_WHAT IS EXPECTED_
The lines below from the one with "[This review was" up to and including the one with "comprised of one" are what you should set down, exactly and without pictures.

_MATERIAL FOR THE TASK_
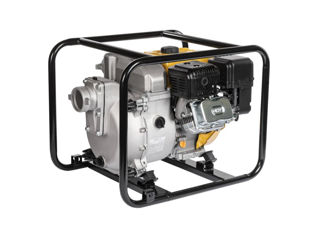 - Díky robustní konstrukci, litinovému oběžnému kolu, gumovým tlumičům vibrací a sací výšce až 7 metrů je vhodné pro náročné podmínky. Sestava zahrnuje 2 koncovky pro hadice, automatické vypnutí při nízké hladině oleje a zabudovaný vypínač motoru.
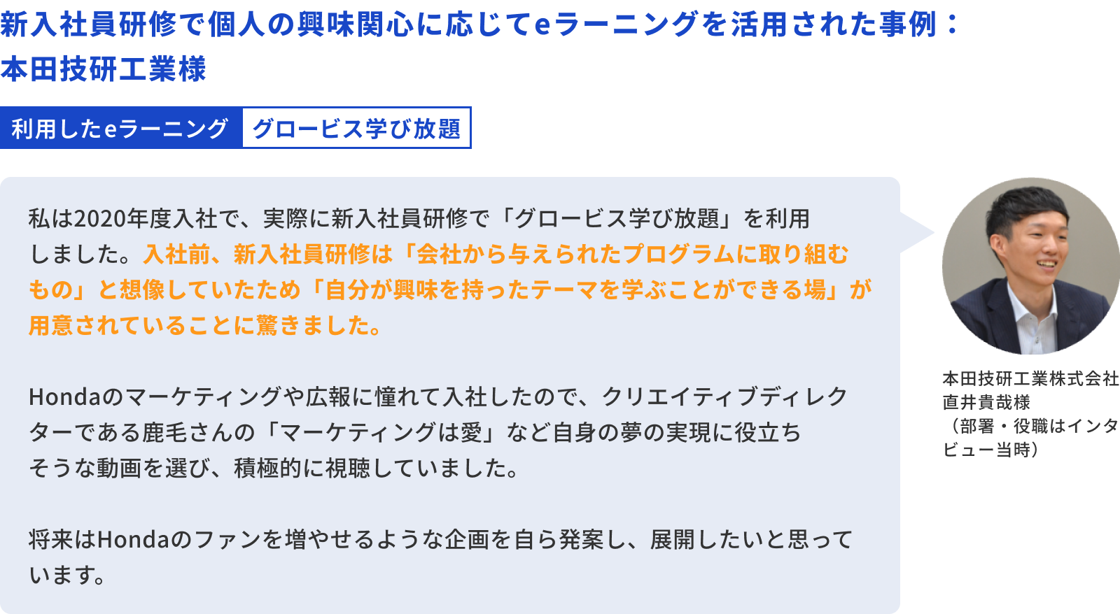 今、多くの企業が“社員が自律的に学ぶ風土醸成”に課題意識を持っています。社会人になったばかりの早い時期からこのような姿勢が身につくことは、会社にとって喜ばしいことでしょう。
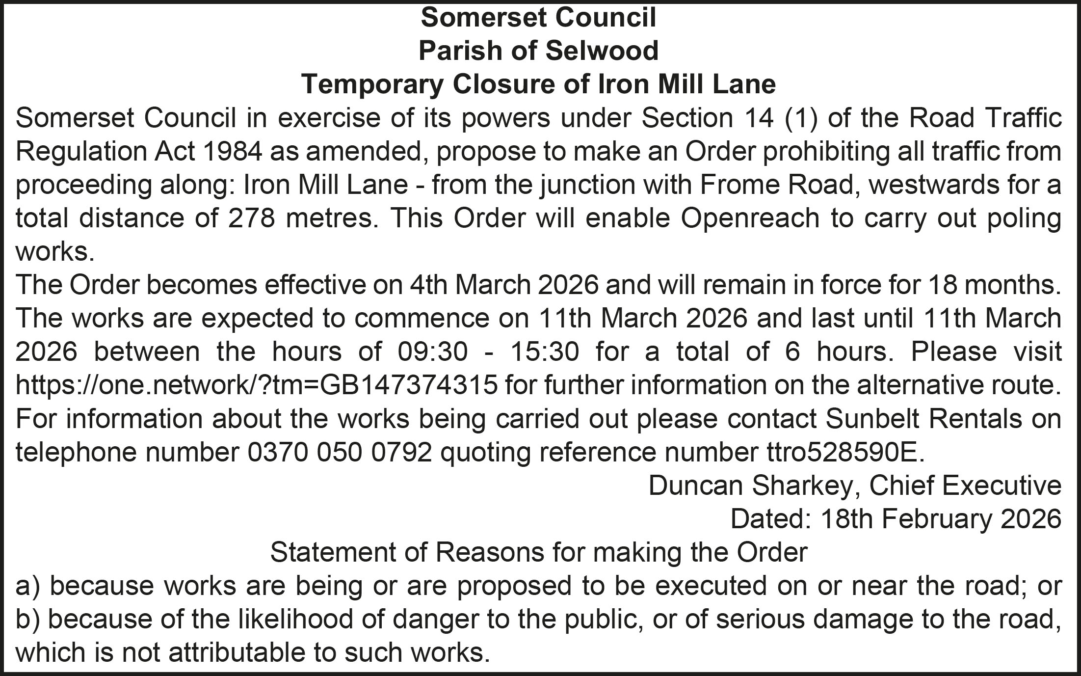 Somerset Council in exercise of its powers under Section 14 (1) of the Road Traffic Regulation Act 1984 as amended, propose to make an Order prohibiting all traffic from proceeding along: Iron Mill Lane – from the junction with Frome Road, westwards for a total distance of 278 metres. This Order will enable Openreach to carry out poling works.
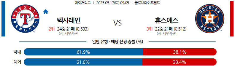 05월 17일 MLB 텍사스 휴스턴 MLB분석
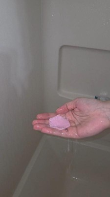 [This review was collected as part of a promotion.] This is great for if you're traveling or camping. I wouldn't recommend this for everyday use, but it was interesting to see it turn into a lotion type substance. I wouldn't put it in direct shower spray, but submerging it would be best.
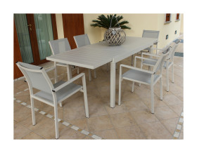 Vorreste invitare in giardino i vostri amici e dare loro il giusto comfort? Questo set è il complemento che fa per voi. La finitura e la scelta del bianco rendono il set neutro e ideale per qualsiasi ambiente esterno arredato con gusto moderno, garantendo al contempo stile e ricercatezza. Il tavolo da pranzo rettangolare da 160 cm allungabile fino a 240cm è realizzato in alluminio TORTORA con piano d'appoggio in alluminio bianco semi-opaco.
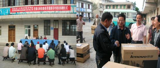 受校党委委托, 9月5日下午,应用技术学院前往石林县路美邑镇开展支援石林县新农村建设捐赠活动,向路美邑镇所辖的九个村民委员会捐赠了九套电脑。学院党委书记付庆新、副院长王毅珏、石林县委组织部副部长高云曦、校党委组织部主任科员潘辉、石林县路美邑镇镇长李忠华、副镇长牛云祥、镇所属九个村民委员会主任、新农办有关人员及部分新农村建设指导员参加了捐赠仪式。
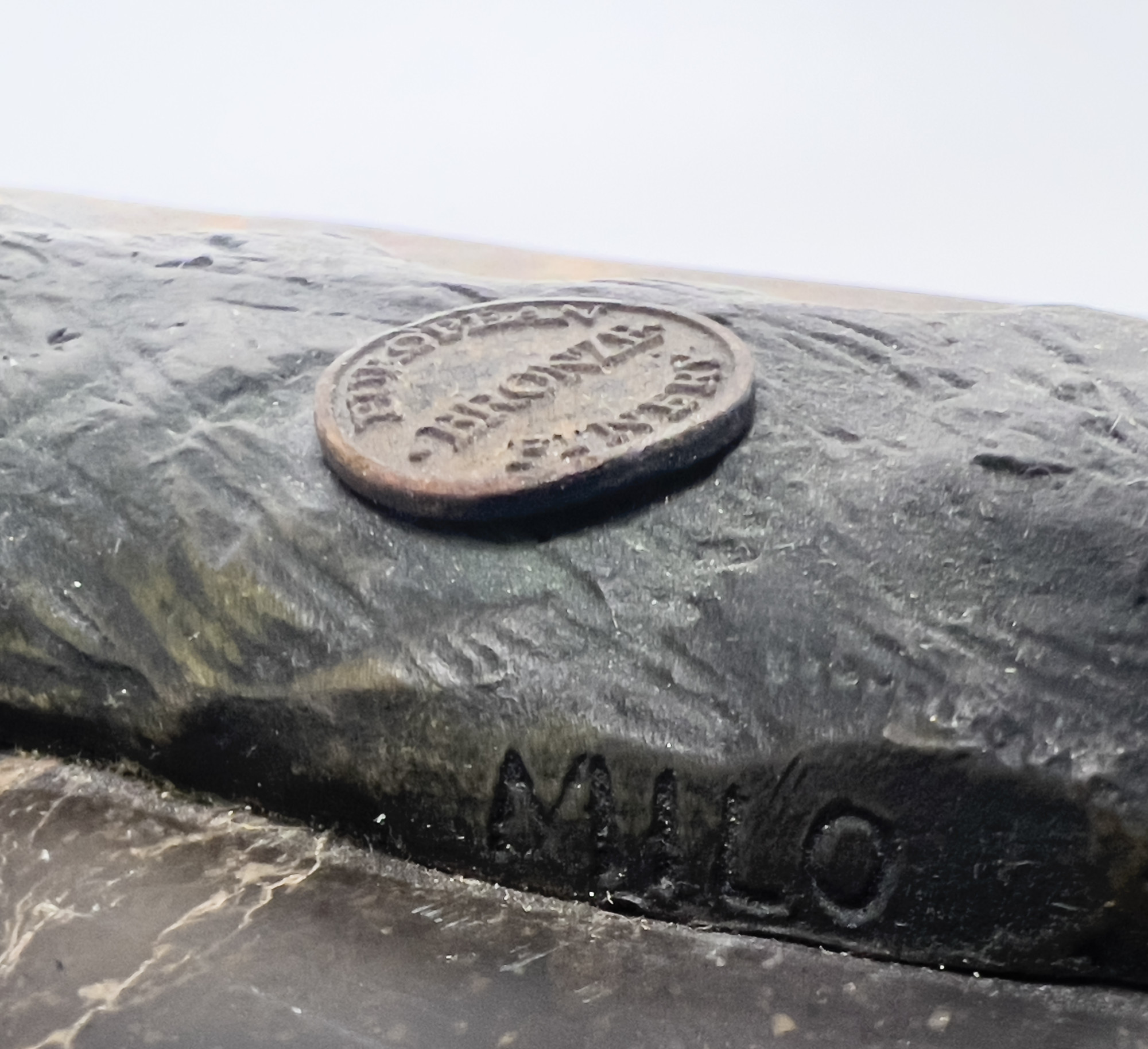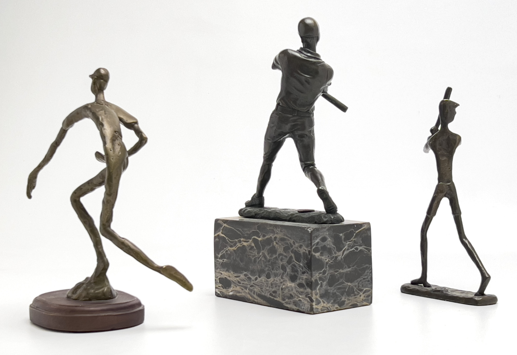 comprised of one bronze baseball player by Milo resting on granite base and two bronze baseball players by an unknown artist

==

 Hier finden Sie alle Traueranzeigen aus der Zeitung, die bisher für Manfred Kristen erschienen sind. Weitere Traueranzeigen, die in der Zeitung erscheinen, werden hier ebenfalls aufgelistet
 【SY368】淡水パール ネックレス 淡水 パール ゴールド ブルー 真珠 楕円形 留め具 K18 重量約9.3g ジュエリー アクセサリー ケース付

* * *

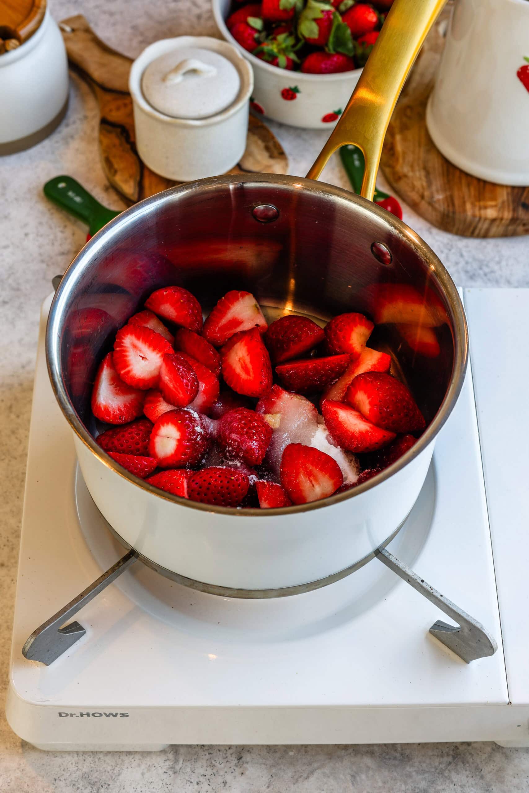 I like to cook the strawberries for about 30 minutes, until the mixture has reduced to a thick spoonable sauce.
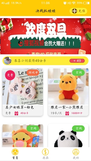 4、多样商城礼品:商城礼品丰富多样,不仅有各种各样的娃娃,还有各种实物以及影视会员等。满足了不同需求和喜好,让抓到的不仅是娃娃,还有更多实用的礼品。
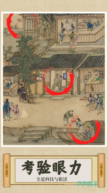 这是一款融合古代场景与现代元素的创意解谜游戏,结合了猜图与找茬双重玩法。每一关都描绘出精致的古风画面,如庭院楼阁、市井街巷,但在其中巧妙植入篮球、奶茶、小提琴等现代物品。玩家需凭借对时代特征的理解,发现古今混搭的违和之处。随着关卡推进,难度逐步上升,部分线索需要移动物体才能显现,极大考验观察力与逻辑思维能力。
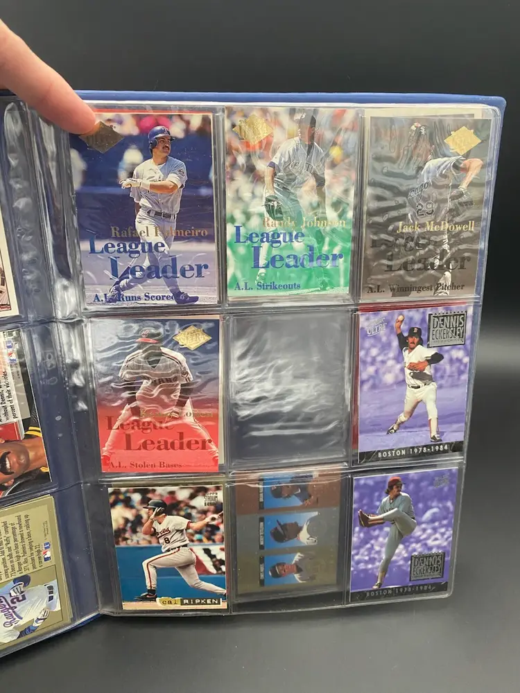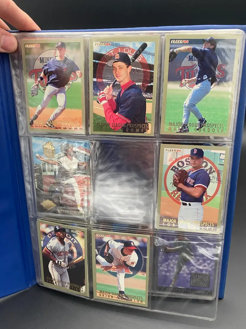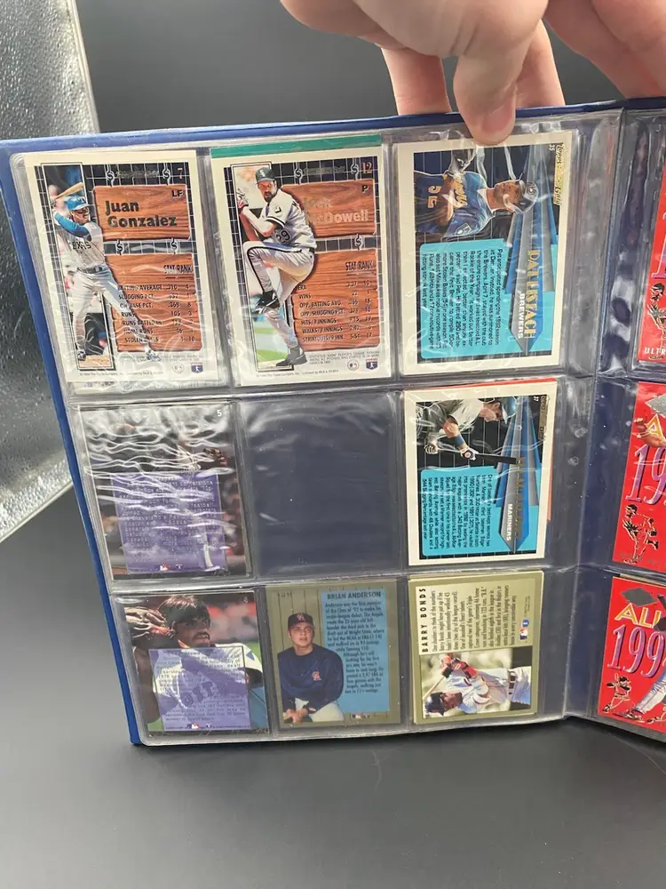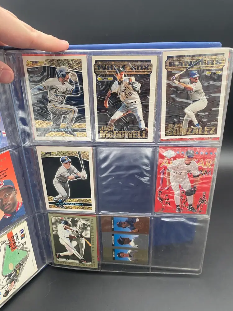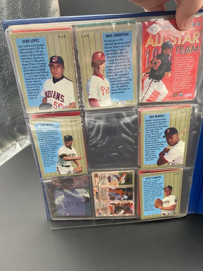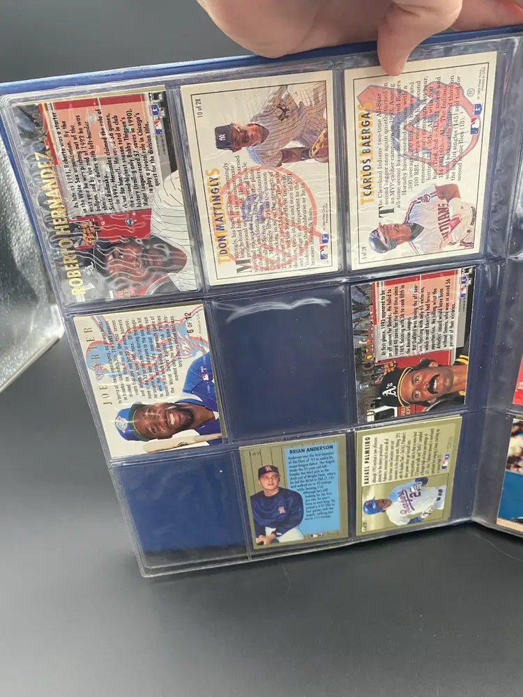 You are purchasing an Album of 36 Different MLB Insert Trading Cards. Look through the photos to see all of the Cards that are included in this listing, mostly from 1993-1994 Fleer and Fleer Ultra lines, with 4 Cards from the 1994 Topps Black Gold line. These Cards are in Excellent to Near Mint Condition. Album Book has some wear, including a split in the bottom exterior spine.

_RESULT BELOW_
 [This review was collected as part of a promotion.] This is great for if you're traveling or camping. I wouldn't recommend this for everyday use, but it was interesting to see it turn into a lotion type substance. I wouldn't put it in direct shower spray, but submerging it would be best.
 Vorreste invitare in giardino i vostri amici e dare loro il giusto comfort? Questo set è il complemento che fa per voi. La finitura e la scelta del bianco rendono il set neutro e ideale per qualsiasi ambiente esterno arredato con gusto moderno, garantendo al contempo stile e ricercatezza. Il tavolo da pranzo rettangolare da 160 cm allungabile fino a 240cm è realizzato in alluminio TORTORA con piano d'appoggio in alluminio bianco semi-opaco.
 受校党委委托, 9月5日下午,应用技术学院前往石林县路美邑镇开展支援石林县新农村建设捐赠活动,向路美邑镇所辖的九个村民委员会捐赠了九套电脑。学院党委书记付庆新、副院长王毅珏、石林县委组织部副部长高云曦、校党委组织部主任科员潘辉、石林县路美邑镇镇长李忠华、副镇长牛云祥、镇所属九个村民委员会主任、新农办有关人员及部分新农村建设指导员参加了捐赠仪式。
 comprised of one bronze baseball player by Milo resting on granite base and two bronze baseball players by an unknown artist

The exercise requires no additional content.